SSIS Combine multiple rows into single row

I have a flat file that has 6 columns: NoteID, Sequence, FileNumber, EntryDte, NoteType, and NoteText. The NoteText column has 200 characters and if a note is longer than 200 characters then a second row in the file contains the continuation of the note. It looks something like this:
|NoteID | Sequence | NoteText |
---------------------------------------------
|1234 | 1 | start of note text... |
|1234 | 2 | continue of note.... |
|1234 | 3 | more continuation of first note... |
|1235 | 1 | start of new note.... |
How can I in SSIS combine the multiple rows of NoteText into one row so the row would like this:
| NoteID | Sequence | NoteText |
---------------------------------------------------
|1234 | 1 | start of note text... continue of note... more continuation of first note... |
|1235 | 1 | start of new note.... |
Greatly appreciate any help?
Update: Changing the SynchronousInputID to None exposed the Output0Buffer and I was able to use it. Below is what I have in place now.

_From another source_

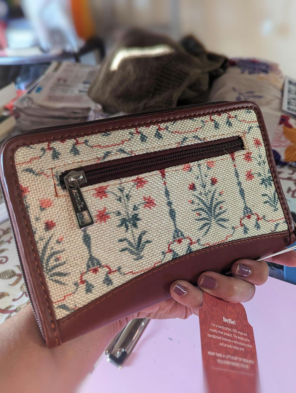 This is a Proudly Indian and 100% PeTA approved Vegan product with a Stylish Print. It is sturdy and durable with zipper closure.

Dim NoteID As String = "-1"
Dim NoteString As String = ""
Dim IsFirstRow As Boolean = True
Dim NoteBlob As Byte()
Dim enc As New System.Text.ASCIIEncoding()
Public Overrides Sub Input0_ProcessInputRow(ByVal Row As Input0Buffer)
If Row.NoteID.ToString() = NoteID Then
NoteString += Row.NoteHTML
IsFirstRow = True
Else
If IsFirstRow Then
Output0Buffer.AddRow()
IsFirstRow = False
End If
NoteID = Row.NoteID.ToString()
NoteString = Row.NoteHTML.ToString()
End If
NoteBlob = enc.GetBytes(NoteString)
Output0Buffer.SingleNoteHTML.AddBlobData(NoteBlob)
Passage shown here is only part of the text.